*What is required*. Copy exactly the stretch of data below from the line with "AceFast A49 hálózati" through the line with "これにより、サポート担当者は", including both of those lines.

───── Given records ─────

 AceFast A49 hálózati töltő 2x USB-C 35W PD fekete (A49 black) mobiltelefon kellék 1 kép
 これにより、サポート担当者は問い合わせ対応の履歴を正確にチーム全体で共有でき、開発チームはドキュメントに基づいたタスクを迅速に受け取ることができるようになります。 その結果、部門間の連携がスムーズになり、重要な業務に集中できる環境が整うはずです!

─────
───── Given records ─────

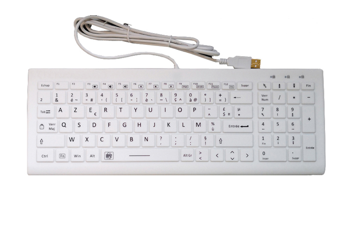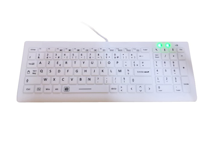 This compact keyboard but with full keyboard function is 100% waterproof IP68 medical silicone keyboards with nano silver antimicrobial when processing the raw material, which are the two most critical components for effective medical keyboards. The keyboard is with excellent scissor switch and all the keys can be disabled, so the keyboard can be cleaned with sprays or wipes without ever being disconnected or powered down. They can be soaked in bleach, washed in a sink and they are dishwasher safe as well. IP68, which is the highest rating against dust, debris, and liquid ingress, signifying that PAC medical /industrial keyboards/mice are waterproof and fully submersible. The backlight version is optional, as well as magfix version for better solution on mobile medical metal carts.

─────

*Response for this exercise*.
 AceFast A49 hálózati töltő 2x USB-C 35W PD fekete (A49 black) mobiltelefon kellék 1 kép
 これにより、サポート担当者は問い合わせ対応の履歴を正確にチーム全体で共有でき、開発チームはドキュメントに基づいたタスクを迅速に受け取ることができるようになります。 その結果、部門間の連携がスムーズになり、重要な業務に集中できる環境が整うはずです!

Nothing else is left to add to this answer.